Task brief: From the entries that follow, copy exactly the lines beginning at the line holding "但其實在《新英格蘭醫學期刊》2002年第25期的〈Paternal Inheritance of" and continuing through the line holding "分岐を見上げると岩がグズグズ状態".

Available data:
----

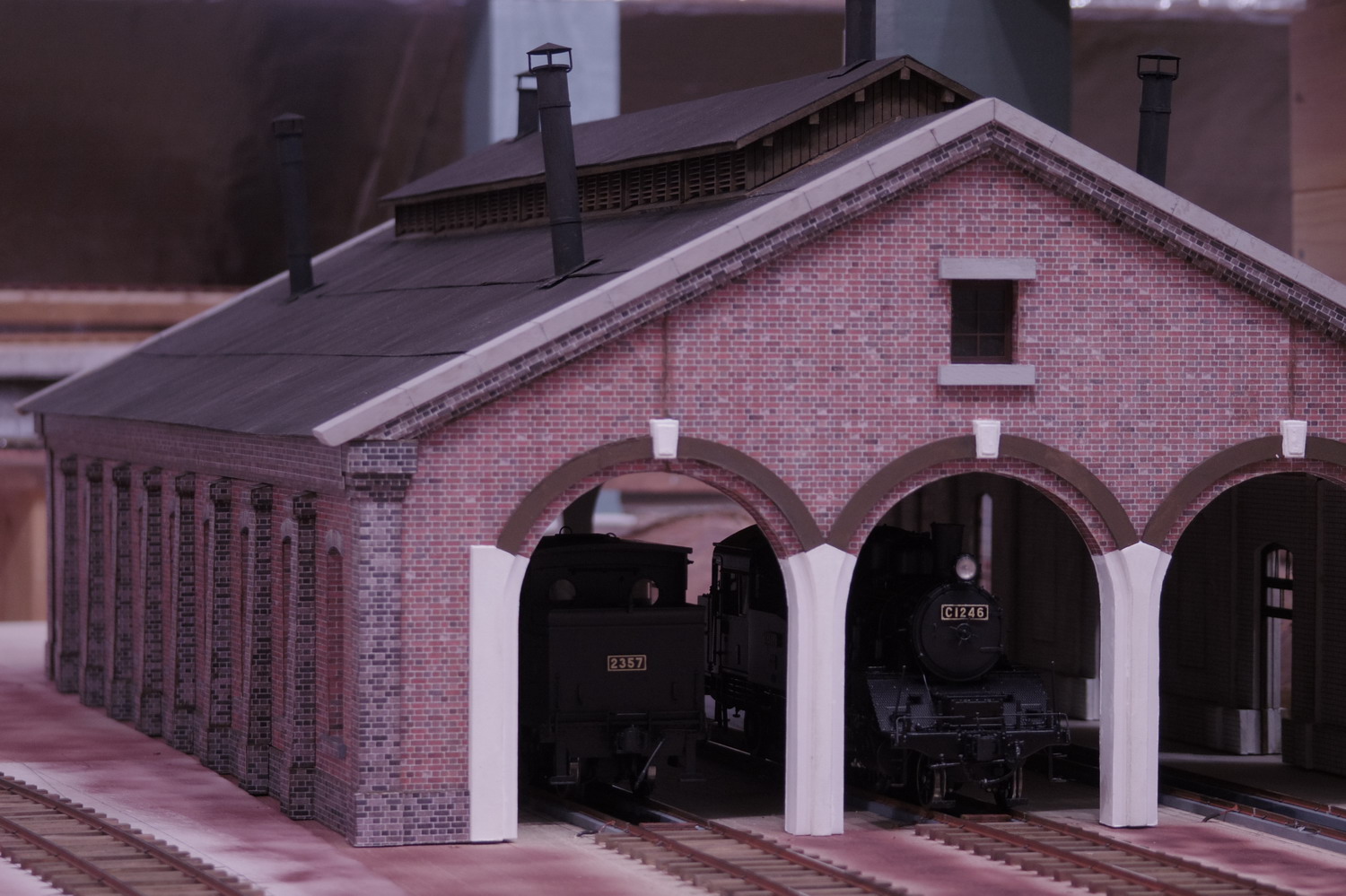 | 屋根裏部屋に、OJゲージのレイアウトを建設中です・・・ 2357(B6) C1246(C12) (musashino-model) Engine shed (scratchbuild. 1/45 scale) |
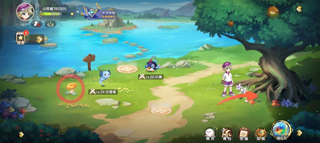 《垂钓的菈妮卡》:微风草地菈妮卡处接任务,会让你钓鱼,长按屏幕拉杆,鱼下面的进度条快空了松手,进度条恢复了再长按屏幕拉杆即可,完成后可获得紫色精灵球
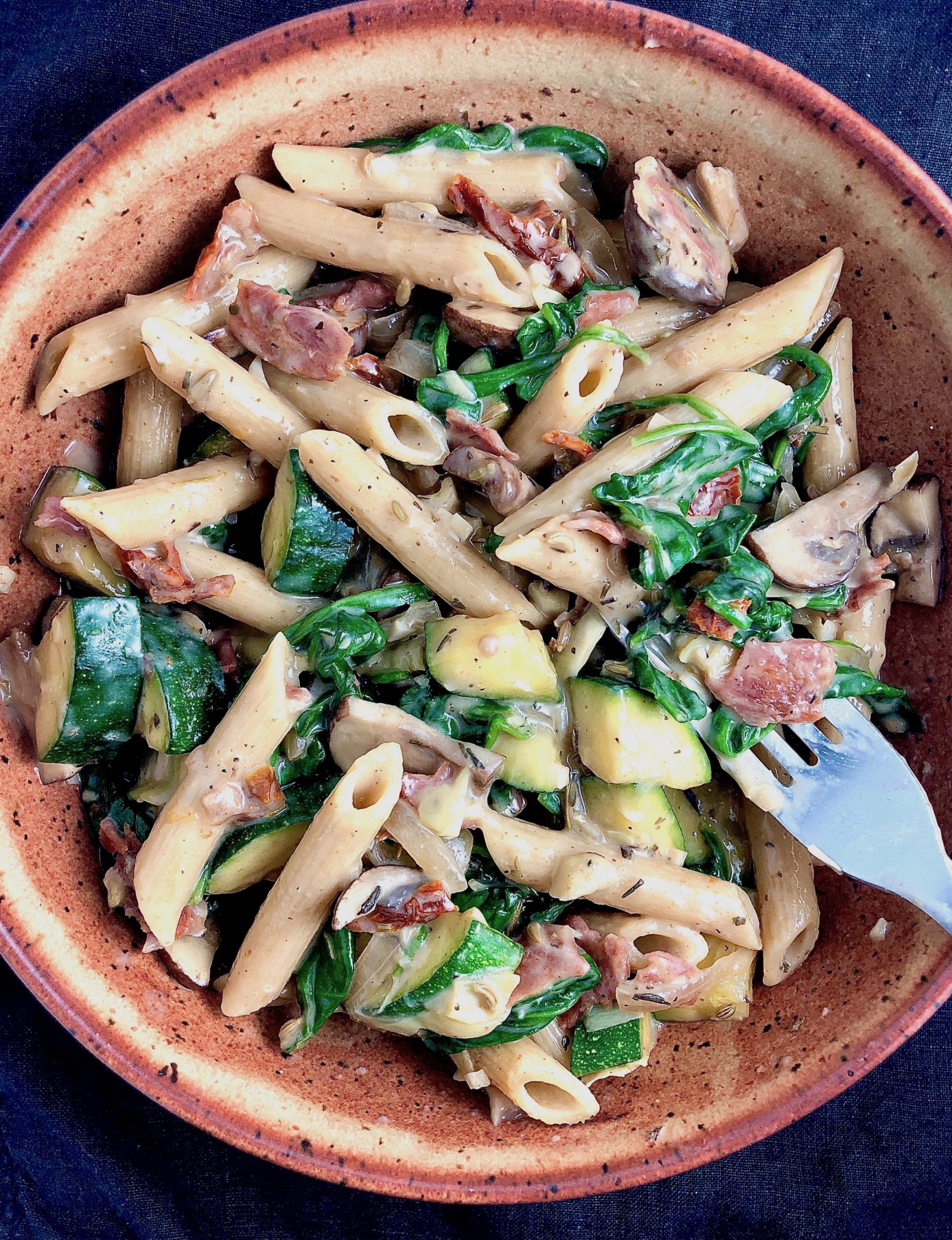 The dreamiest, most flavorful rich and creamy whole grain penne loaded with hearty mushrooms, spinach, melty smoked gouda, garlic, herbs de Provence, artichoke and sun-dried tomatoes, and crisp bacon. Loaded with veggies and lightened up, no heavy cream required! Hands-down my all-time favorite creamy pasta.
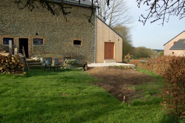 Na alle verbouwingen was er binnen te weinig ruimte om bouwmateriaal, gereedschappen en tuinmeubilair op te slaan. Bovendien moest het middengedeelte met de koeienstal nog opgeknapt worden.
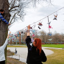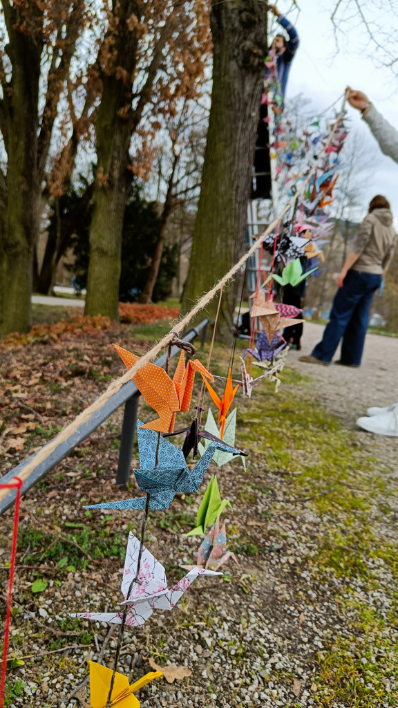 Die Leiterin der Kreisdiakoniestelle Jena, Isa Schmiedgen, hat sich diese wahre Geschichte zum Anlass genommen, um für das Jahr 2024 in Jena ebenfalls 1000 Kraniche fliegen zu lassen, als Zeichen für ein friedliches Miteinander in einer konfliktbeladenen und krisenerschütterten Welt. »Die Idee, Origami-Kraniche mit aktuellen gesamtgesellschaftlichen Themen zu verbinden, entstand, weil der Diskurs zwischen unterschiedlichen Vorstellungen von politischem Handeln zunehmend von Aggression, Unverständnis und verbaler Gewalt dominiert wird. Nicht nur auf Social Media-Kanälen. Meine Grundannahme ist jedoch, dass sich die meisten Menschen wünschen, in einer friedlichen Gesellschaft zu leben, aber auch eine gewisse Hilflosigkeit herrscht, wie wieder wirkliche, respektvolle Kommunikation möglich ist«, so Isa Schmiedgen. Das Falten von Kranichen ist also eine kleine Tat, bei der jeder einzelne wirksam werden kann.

----

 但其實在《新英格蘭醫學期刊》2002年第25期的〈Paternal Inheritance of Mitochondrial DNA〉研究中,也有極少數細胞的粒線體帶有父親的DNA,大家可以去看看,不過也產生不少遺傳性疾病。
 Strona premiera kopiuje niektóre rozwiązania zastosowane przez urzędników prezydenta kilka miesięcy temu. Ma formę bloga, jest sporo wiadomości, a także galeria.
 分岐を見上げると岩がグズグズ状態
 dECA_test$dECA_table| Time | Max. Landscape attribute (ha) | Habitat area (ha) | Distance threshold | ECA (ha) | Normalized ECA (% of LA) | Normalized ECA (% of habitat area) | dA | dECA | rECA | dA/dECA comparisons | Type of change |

----

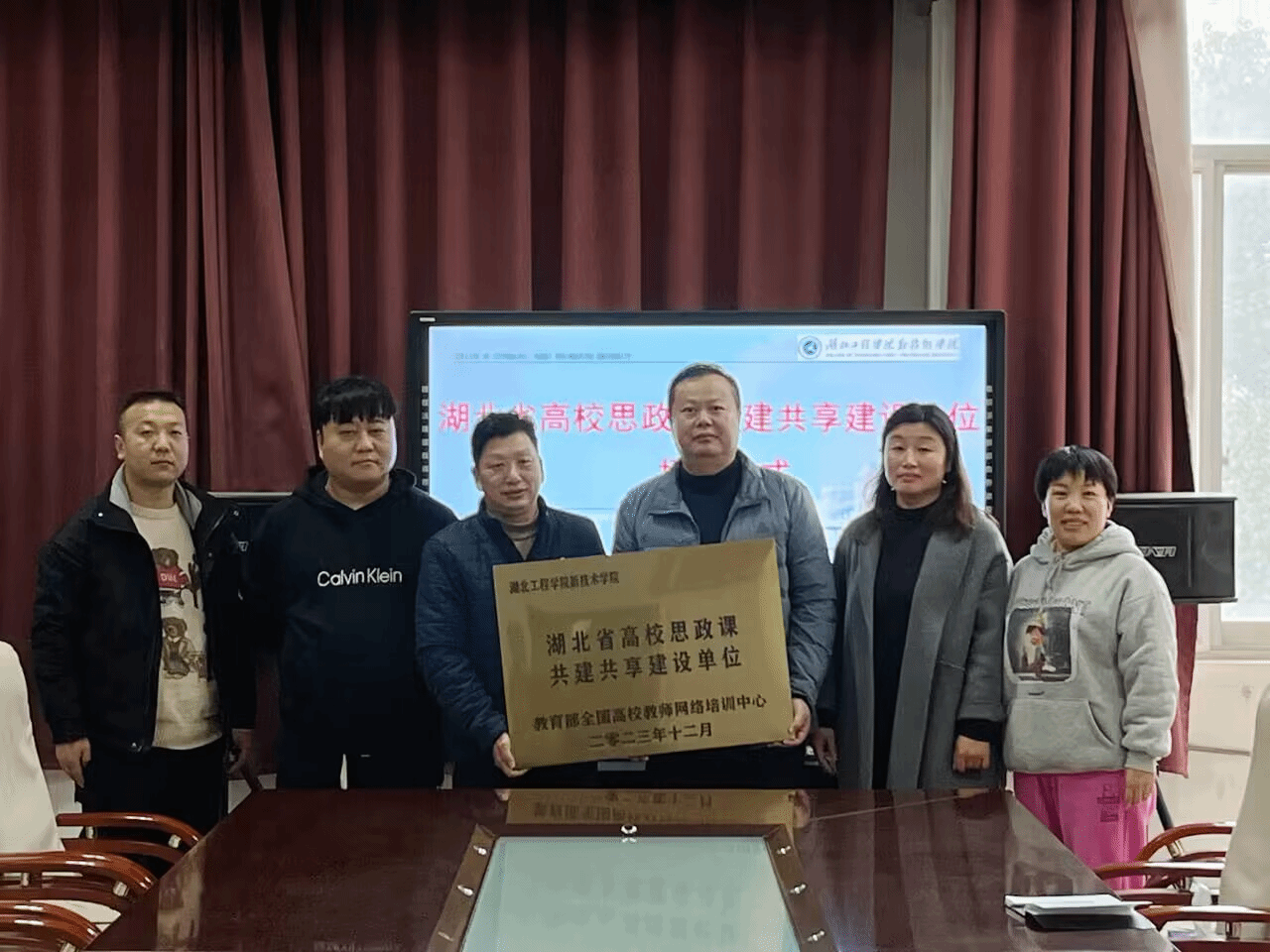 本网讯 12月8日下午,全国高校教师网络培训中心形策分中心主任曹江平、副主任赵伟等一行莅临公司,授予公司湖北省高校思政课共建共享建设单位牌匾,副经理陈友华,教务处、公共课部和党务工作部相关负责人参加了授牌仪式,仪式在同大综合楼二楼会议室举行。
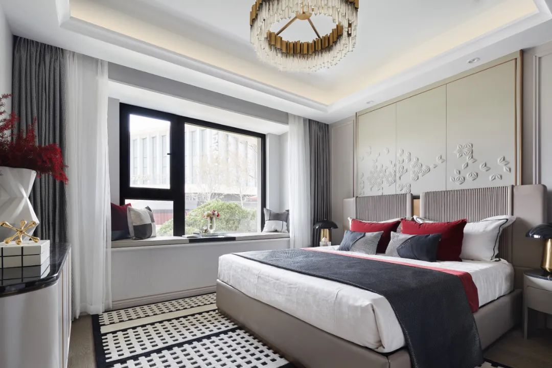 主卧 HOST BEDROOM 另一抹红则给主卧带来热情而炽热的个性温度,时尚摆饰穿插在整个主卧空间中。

----

Output:
 但其實在《新英格蘭醫學期刊》2002年第25期的〈Paternal Inheritance of Mitochondrial DNA〉研究中,也有極少數細胞的粒線體帶有父親的DNA,大家可以去看看,不過也產生不少遺傳性疾病。
 Strona premiera kopiuje niektóre rozwiązania zastosowane przez urzędników prezydenta kilka miesięcy temu. Ma formę bloga, jest sporo wiadomości, a także galeria.
 分岐を見上げると岩がグズグズ状態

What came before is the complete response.